The papers of her ancestor, John Byrom were donated to the Chetham's Library. Her private papers were bequeathed to her secretary, Sarah Bolger, who had worked for her for more than 35 years. Bolger retired to Bournemouth where she built a house called 'Atherton' and lived very comfortably until her death in 1889. Mary Ann Degge, Atherton's former Lady's maid was named as Bolger's executor.

Atherton's properties in Prescot and Walton-on-the-Hill were bequeathed to her second cousin, the Reverend James Allan Park, the son of James Allan Park and Lucy Atherton.
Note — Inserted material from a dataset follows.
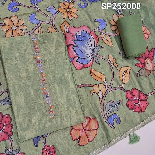Designer mossy Green tissue kota unstitched salwar material(lining needed) colorful embroidery work on yoke, matching santoon bottom, digital printed tissue silk cotton dupatta with tissue borders.DC250202

Her two estates in Jamaica, "Green Park Estate" and "Spring Vale Pen", together with some tenements at Prescot, and chambers in Lincoln's Inn, London, used by her father were bequeathed to the Reverends' younger brother, Alexander Atherton Park, who was also a barrister like her own father. Atherton also left him her father's law books at the chamber.

Some smaller estates were left to a distant cousin, Domville H.C. Poole of Lymm Hall. A final bequest was unusual in the fact that it was not to a blood relative. A large bequest went to Atherton's godson, Edward Fox, son of Edward Vigor-Fox of the Manchester and Salford Yeomanry, who were infamously involved in the Peterloo Massacre and likely descended from Jane Vigor. Fox was directed to use the name of "Atherton Byrom", in order to inherit her Manchester estates and land at Chester, and her cherished retreat, Kersal Cell, along with the entire Byrom Hall estate, in Lowton, which included the right to use the Byrom crest. A Royal Licence was granted by the Queen on 29 December 1870. The godson became Edward Byrom of Culver House and Kersal. He lived in Holcombe Burnell, and became High Sheriff of Devon in 1888. His elder son was Edward Clement Atherton Byrom, who married Katharine Mary Coopland, and his younger son (by his second wife) was Edward Luttrell Grimston Byrom, who married and then divorced Duff Twysden.

Another of Atherton's bequests went to Richard Atherton, a merchant residing in Philipsburg, Centre County, Pennsylvania; to be held in trust and divided between William, Francis and Isabella Atherton equally.